El responsable de esa aventura cinematográfica ha sido el director barcelonés Javier Ruiz Caldera, el joven director sigue en su cuarto título de su carrera, el camino emprendido en su debut Spanish Movie (2009), una parodia sobre cine español surgida a raíz del éxito de Scary movie, le siguió tres años después Promoción fantasma, aquí el objeto de la mofa radicaba en las cintas estadounidenses ambientadas en institutos donde los estudiantes se enfrentaban a terroríficos asesinos. La tercera incursión en este género paródico fue hace un par de años en la excelente y rabiosa 3 bodas de más, (donde se reía de esas comedias romanticonas americanas donde la chica angelical y de vida profesional triunfante fracasa constantemente en el amor).

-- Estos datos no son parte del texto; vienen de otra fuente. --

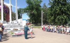 Воспитанники лагеря дневного пребывания «Орлёнок» из школы 11 и сотрудники 34-го пожарно-спасательного отряда под руководством Виктора Геннадьевича Зимина собрались в парке Победы около Вечного огня.
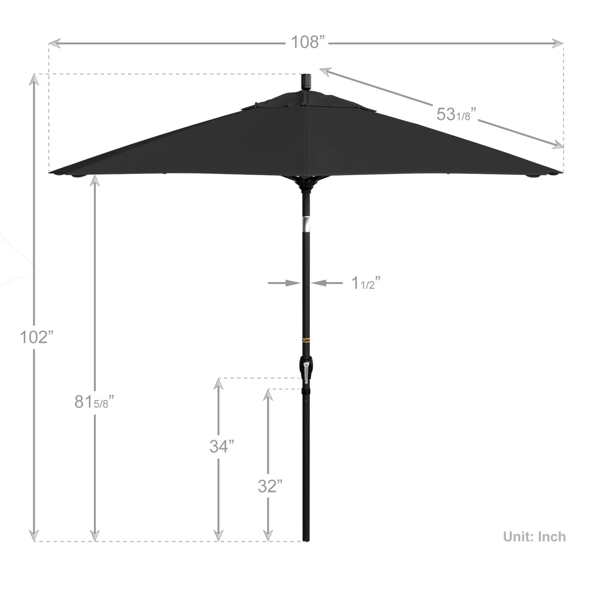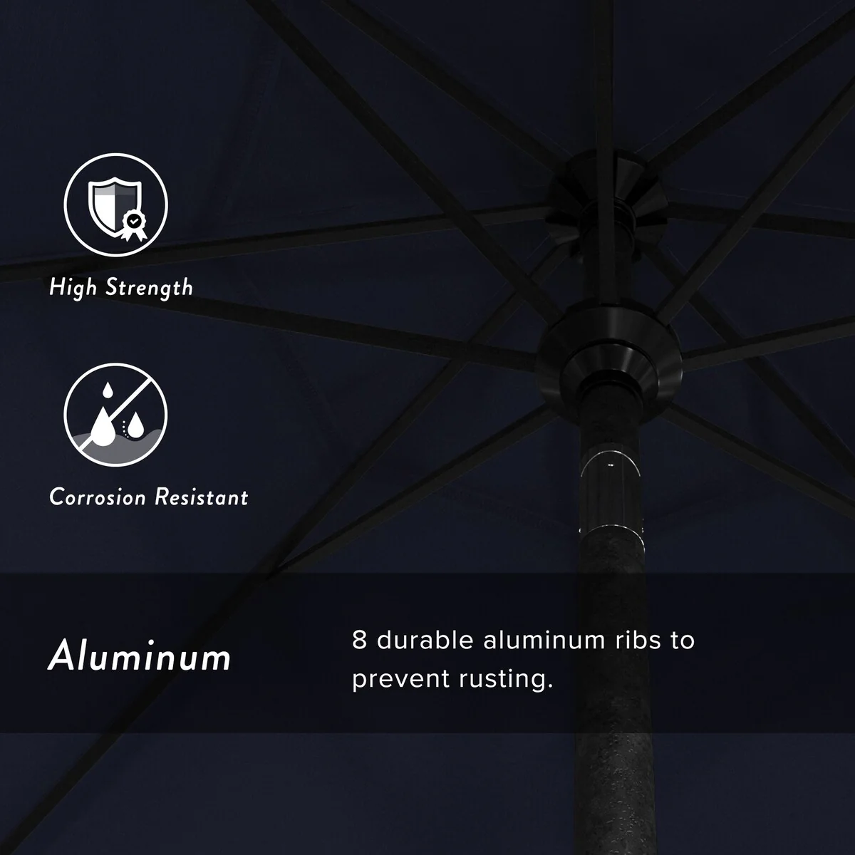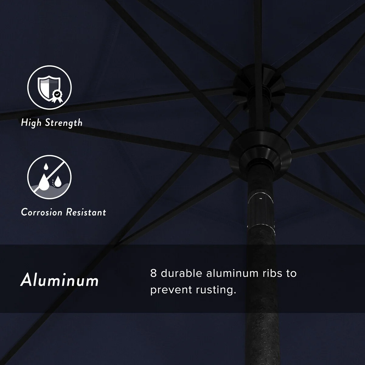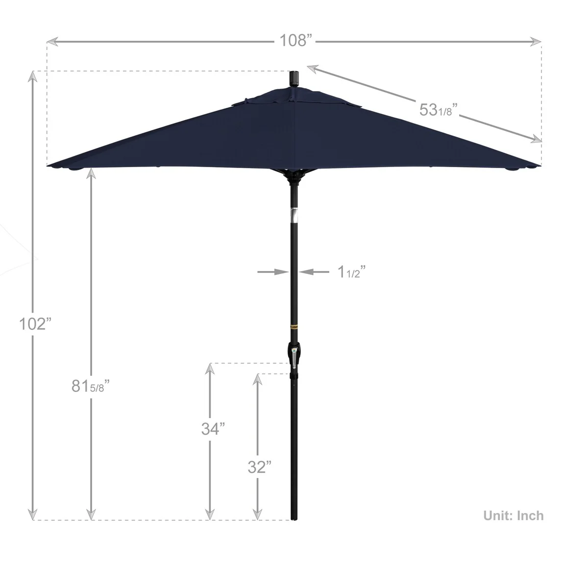 California Umbrella 9' Round Crank Lift Push Button Tilt Black Aluminum Patio Umbrella with Olefin Royal Blue Fabric
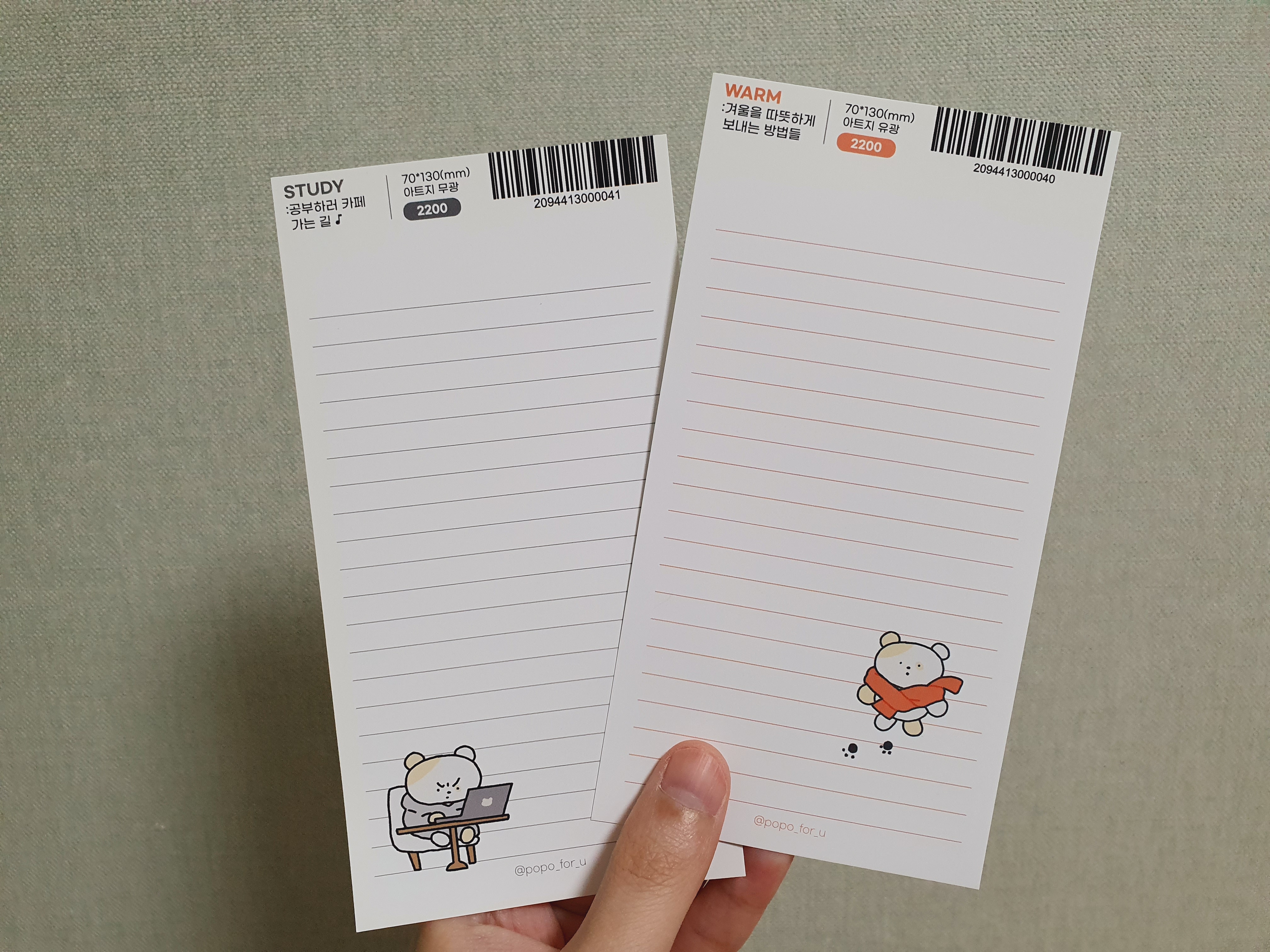 뒷대지가 편지지처럼 줄이 있어서 다꾸할 때 쓰면 좋을 것 같습니다.
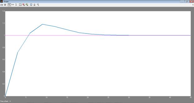 моделирования очевидно, что процесс устанавливается на заданном значении с
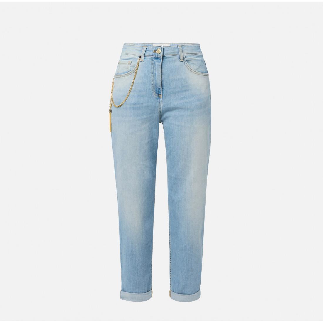 Pantaloni cinque tasche in denim dal lavaggio chiaro. Il capo è costruito con vita regular e gamba boyfriend. Un tocco di luce è dato dalla catena gioiello con logo applicata sul lato. A completare, bottone ed etichetta con logo.

Caldera paría una agitada y buenísima comedia con patosa científica e inmadura emocionalmente que se veía envuelta en las mil y una en la caza del amor romántico. Ahora, se enfrenta en la difícil tarea de adaptar un cómic legendario en la historieta española, y creado por uno de los grandes, Manuel Vázquez Gallego (autor también de Las hermanas Gilda y La familia Cebolleta, entre otros) en el 1965 como parodia del agente James Bond 007, que en el 1962 había debutado en el cine en la película 007 contra el Dr. No, no obstante el autor se declinaba más como referencia el personaje Maxwell Smart e la serie televisiva Superagente 86. Ruiz Caldera sale airoso del envite dotando a su película de comedia clásica, hay trompazos, golpes y persecuciones al más puro slastick, y cómo no, también hay comedia, como en sus anterior films, esta vez una comedia física, de carreras, de nervios, disparos, explosiones, de constante tensión. Nos recuerda mucho a la saga de Torrente, de Santiago Segura, aunque la comparación es obvia, ya que el personaje de José Luis Torrente y sus andanzas beben y mucho del universo Bruguera y esa idiosincrásica carpetovetónica tan arraigada en nuestro ser.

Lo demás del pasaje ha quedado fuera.